[Assignment]
In the entries below, find the line with "Zlatan Ibrahimovic (left) and Roger Federer" and print exactly every line from there up to and including the line with "in the upper", with no other lines.

[Exercise inputs]
★ ★ ★ ★ ★ ★ ★
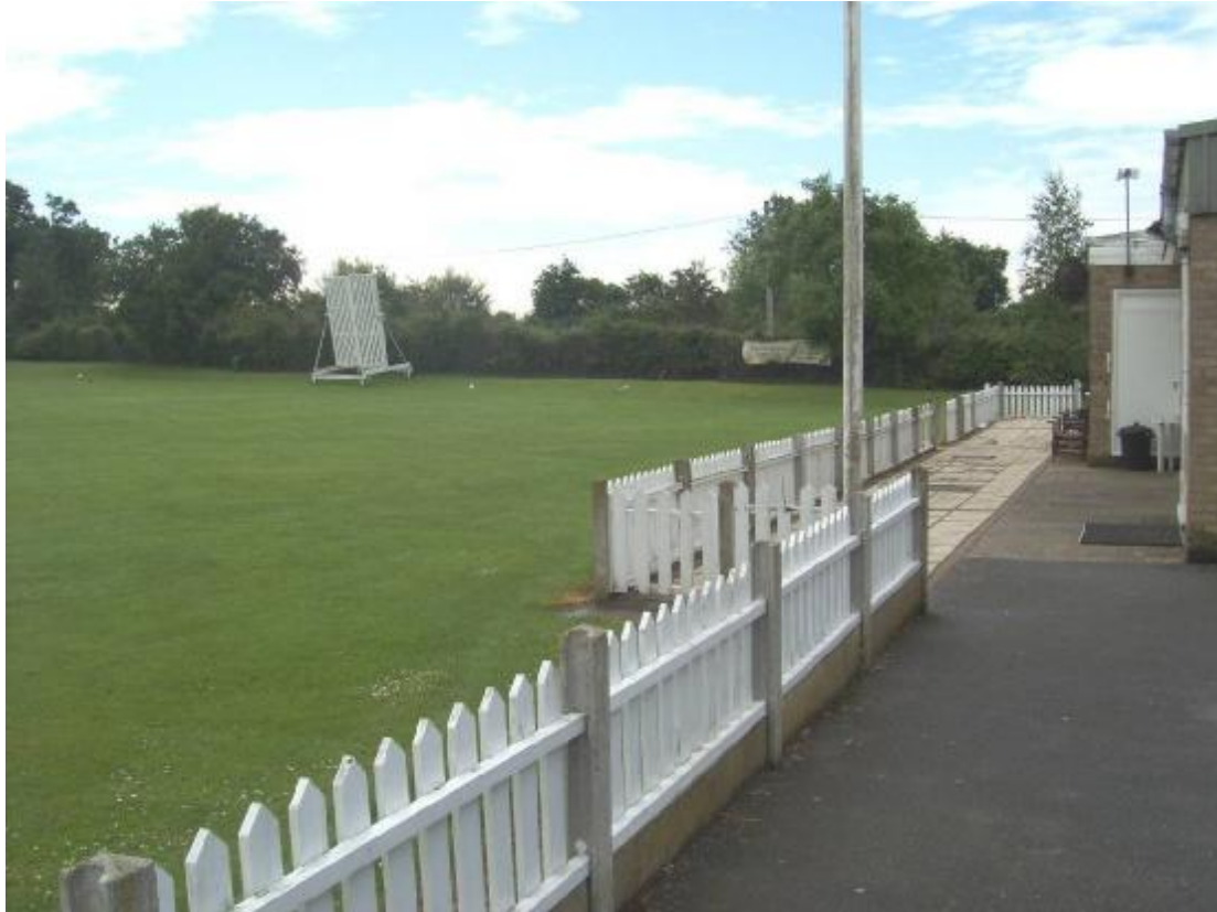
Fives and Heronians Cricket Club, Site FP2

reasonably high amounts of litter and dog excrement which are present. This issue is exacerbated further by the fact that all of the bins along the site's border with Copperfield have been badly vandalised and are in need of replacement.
★ ★ ★ ★ ★ ★ ★
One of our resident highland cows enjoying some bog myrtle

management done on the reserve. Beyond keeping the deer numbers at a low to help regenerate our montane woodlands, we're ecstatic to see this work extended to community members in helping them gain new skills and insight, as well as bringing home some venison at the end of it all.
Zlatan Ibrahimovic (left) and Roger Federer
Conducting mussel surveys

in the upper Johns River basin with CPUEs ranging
★ ★ ★ ★ ★ ★ ★
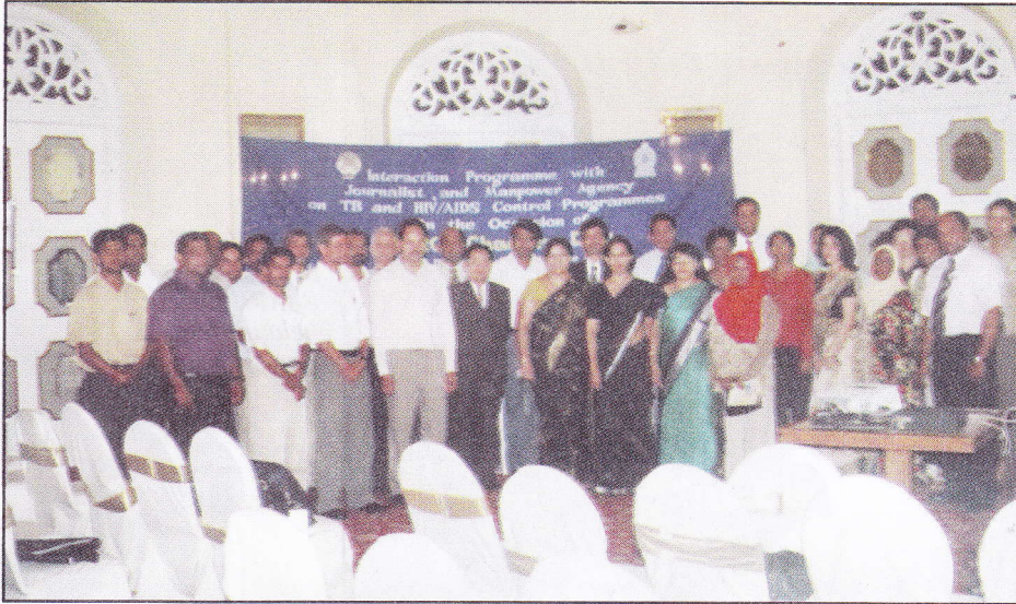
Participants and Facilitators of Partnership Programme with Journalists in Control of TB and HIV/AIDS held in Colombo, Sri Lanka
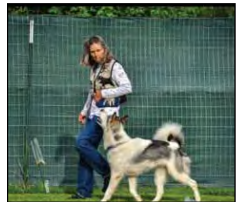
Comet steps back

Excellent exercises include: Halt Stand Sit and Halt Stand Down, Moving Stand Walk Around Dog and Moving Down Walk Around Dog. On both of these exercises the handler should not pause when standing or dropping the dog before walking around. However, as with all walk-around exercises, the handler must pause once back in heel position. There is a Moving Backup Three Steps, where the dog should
★ ★ ★ ★ ★ ★ ★
[Answer box]
Zlatan Ibrahimovic (left) and Roger Federer
Conducting mussel surveys

in the upper Johns River basin with CPUEs ranging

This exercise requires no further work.